"Did you really think you could hide it?" The girl glared at me, hatred in her eyes.
I felt my façade crumble. I had worked hard in this school, tried to start things fresh. No smoking, no hanging out with the wrong crowd. I'd been careful to not let my tattoos show and cover the holes of my nose and eyebrow piercings with foundation. I'd kept my flirting to a minimum, hung out with guys only to an acceptable level. I'd been doing everything right.
"I know all your secrets, witch. You can't hide them behind your pretty make-up."
I flushed at the insult, knowing as I did so that I'd grown soft in the couple of months I'd spent away from the hardships of my previous life. Still I felt the smallest tingle of happiness at her comment about my make-up. It was weird, I knew, to take pleasure in that compliment that was most certainly not meant as a compliment but I did anyway. I'd done some make-up before, but always dramatic, often choosing the dark raccoon eyes over the subtler and cuter make-up. Her saying my make-up was pretty...

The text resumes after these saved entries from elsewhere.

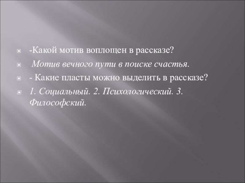 -Какой мотив воплощен в рассказе? Мотив вечного пути в поиске счастья.- Какие пласты можно выделить в рассказе?1.
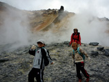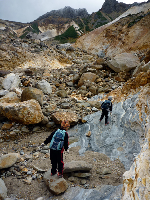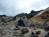 一面瓦礫の中、道を探しながら噴煙の方向へ。硫黄の刺激臭と真っ白な噴煙に囲まれ、自分達が火口の真ん中に居ることを実感させられる。
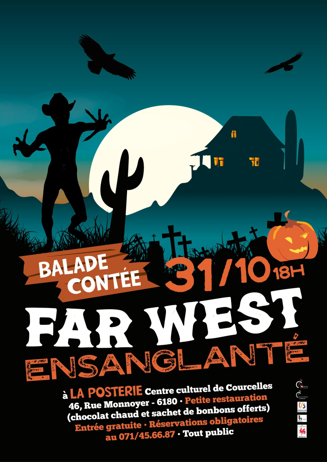 Jeudi 31 octobre 2025 à 18h, Les Tchots de La Posterie vous invitent à leur balade contée "Far West Ensanglanté".
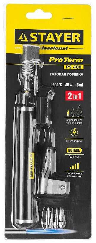 | Комплектация : | Набор 5-в-1 STAYER PS400 газовый паяльник, горелка, фен 55505-H6 |

"He told me, you know. Everything. I'll let them all know. All those people who think you're their friend. Then what will you do? Go back to juvie where you belong?"
I'd never been to juvie and thought of telling her that but my mind was too busy reeling at the revelation that someone had told her. A guy had told her. Only one person popped to mind at that and I felt my insides growing cold. He'd been here. Why had he come? I didn't want to know, didn't want to think about it.